I’ve been evaluating Apose.Word. I have a document made up of a number of sections. I need to be able to retrieve the text from each of these sections. This is possible through the Range object associated with each section, but unfortunately only returns it back as plain-text, rather than with the formatting still applied.
Is it possible to retrieve the formatted contents of a section? If not can this be added?
How would you like to obtain the formatted content? Do you need in HTML, RTF format or you need it in objects and attributes or something else? What you do you want to do with it?
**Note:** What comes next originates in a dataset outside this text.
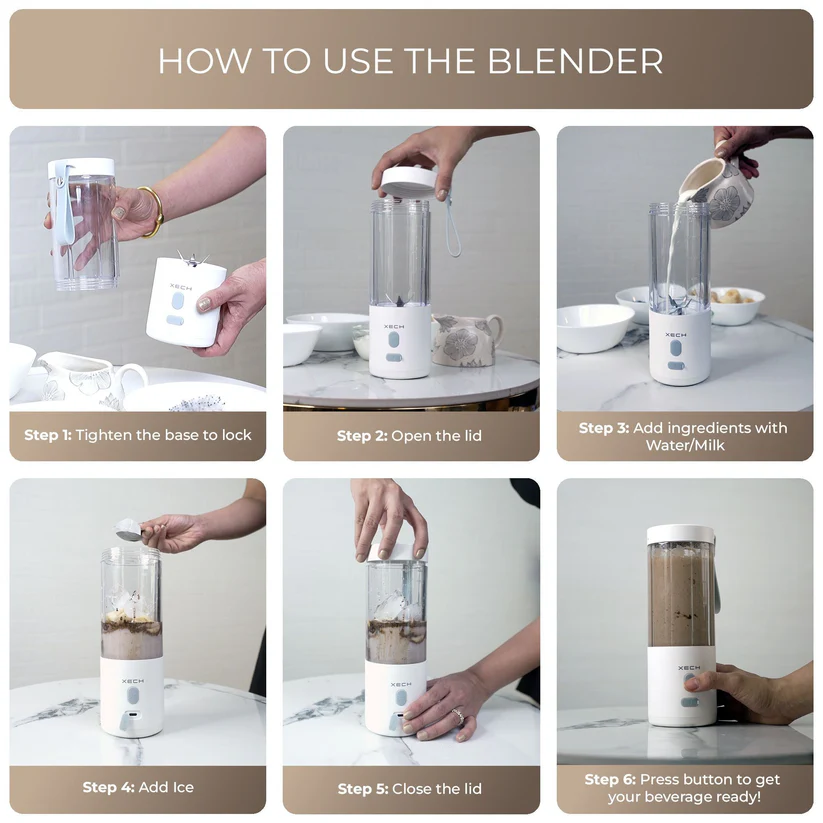 Features: Crush Ice | Rechargeable Battery | One Button Operation | 6 Stainless Steel Blades | Self Cleaning | Portable and Compact | Safety Cut-Off Mechanism | Quiet Operation | Easy to Carry Lanyard | BPA Free

HTML format would be ideal.
What I am trying to achieve is to read in formatted text from sections defined in a Word document. This formatted text would then be used to create other Word documents and to display on web pages. Creating other documents would be possible by using the DocumentBuilder and parsing the HTML to ensure the formatting went in correctly.
At the moment HTML can only be product when saving the whole document, but I can see that producing HTML for a section would be useful so I will add this request to our task list.
In the meantime, if you need a workaround you can delete all sections from the document apart from the one you want to convert to HTML and save it in HTML format.
Beware, however, that not all HTML formatting is supported on import and not all DOC features are exported to HTML so you might not get exact result if you import and then export.
You can just copy and move sections between Word documents using Sections and Section classes, don’t need to do conversion to HTML for that. This way you can do HTML conversion only if you want to render into a web page.